Leone’s footage turns Bava’s into a flashback, a story Sommer tells Alda (playing a conveniently-placed Catholic priest) about something that once happened to her, which is kinda weird, considering that, in the flashback, Leandro (Telly Savalas’s character) remembers things that happened between himself and Lisa right before Alda’s character stepped into the picture. So while the implication is that the events of Lisa happened in the past, the clumsy editing actually implying that the two sets of footage are happening at the same time.

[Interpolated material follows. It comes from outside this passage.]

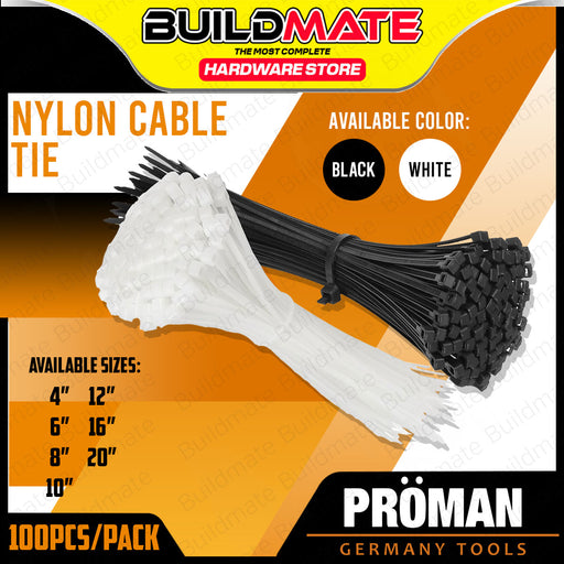 Buildmate Online DepotBUILDMATE Proman 100PCS/PACK Nylon Cable Ties White / Black Self Locking Zip Fastening Wire Wraps Cable Tie SOLD PER PACK AVAILABLE IN:►Black►White...
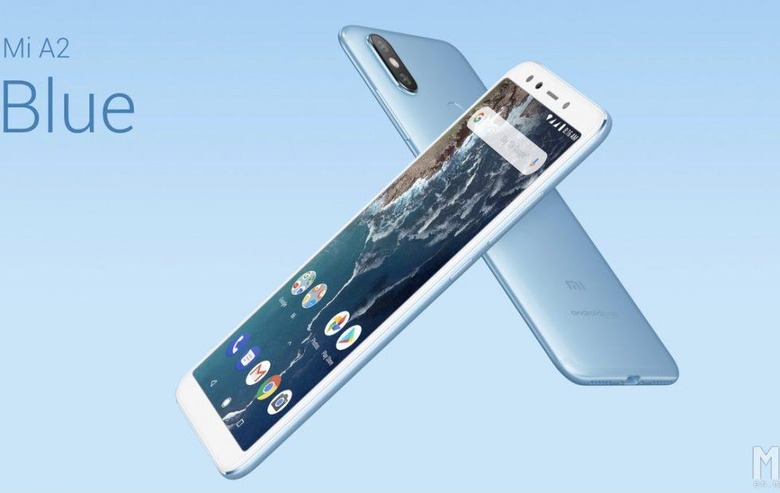 Mi A2 will be available soon in three iterations: 4GB+32GB for €249, 4GB+64GB for €299, and 6GB+128GB for €349. There'll be black, gold, and blue versions.

The new frame story is, if anything, even duller than that of Lisa, and mainly consist of Sommer screaming epic bouts of profanity (“Get your shitty hands off me, asslicker!”) and puking on Alda while he tries to keep calm and exorcise whatever it is that’s got a hold of Lisa. Most of it comes off as a limp attempt to rip off The Exorcist, although at one point Alda hallucinates a hot naked woman, and towards the end, Sommer vomits up a frog. None of it helps bring any degree of coherence to the finished product, but I mean, wow. Elke Sommer urps up a frog and it flops to the floor. I’ve never seen anything like that anywhere.

So, yes, The House of Exorcism is inferior to Lisa and the Devil. And yet…I respect it, to a small degree, because I have never seen a frog crawl out of a German sex kitten’s mouth before.